Inga Kaija
Institute of Mathematics and Computer Science, University of Latvia; Riga Stradinš University, Latvia
Ilze Auzina
Institute of Mathematics and Computer Science, University of Latvia, Riga, Latvia
Download articlehttps://doi.org/10.3384/ecp2020172006Published in: Selected Papers from the CLARIN Annual Conference 2019
Linköping Electronic Conference Proceedings 172:6, p. 41-47
Published: 2020-07-03
ISBN: 978-91-7929-807-4
ISSN: 1650-3686 (print), 1650-3740 (online)

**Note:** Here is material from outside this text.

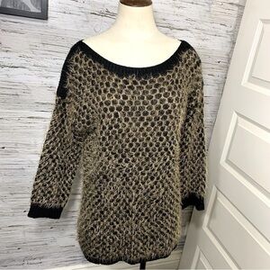 In very good condition, Soft Eye lashes "fuzzy" knit Sweater, boat neck style, stretchy and cozy top. Back slit. Color is black with a golden brown. Please see pictures

Copyright and personal data protection are two of the most important legal aspects of collecting data for a learner corpus. The paper explains the challenges in data collection for the learner corpus of Latvian “LaVA” and describes the procedure undertaken to ensure protection of the texts’ authors’ rights. An agreement / metadata questionnaire form was created to inform the authors of the ways their texts are used and to receive the authors’ permission to use them in the stated way. The information, permission, and the metadata questionnaire are printed on one side of an A4 size paper sheet, and the author is supposed to write the text on the other side by hand, thus eliminating the need to identify the author of the text separately. After scanning and adding to the corpus, the text originals are returned to the authors.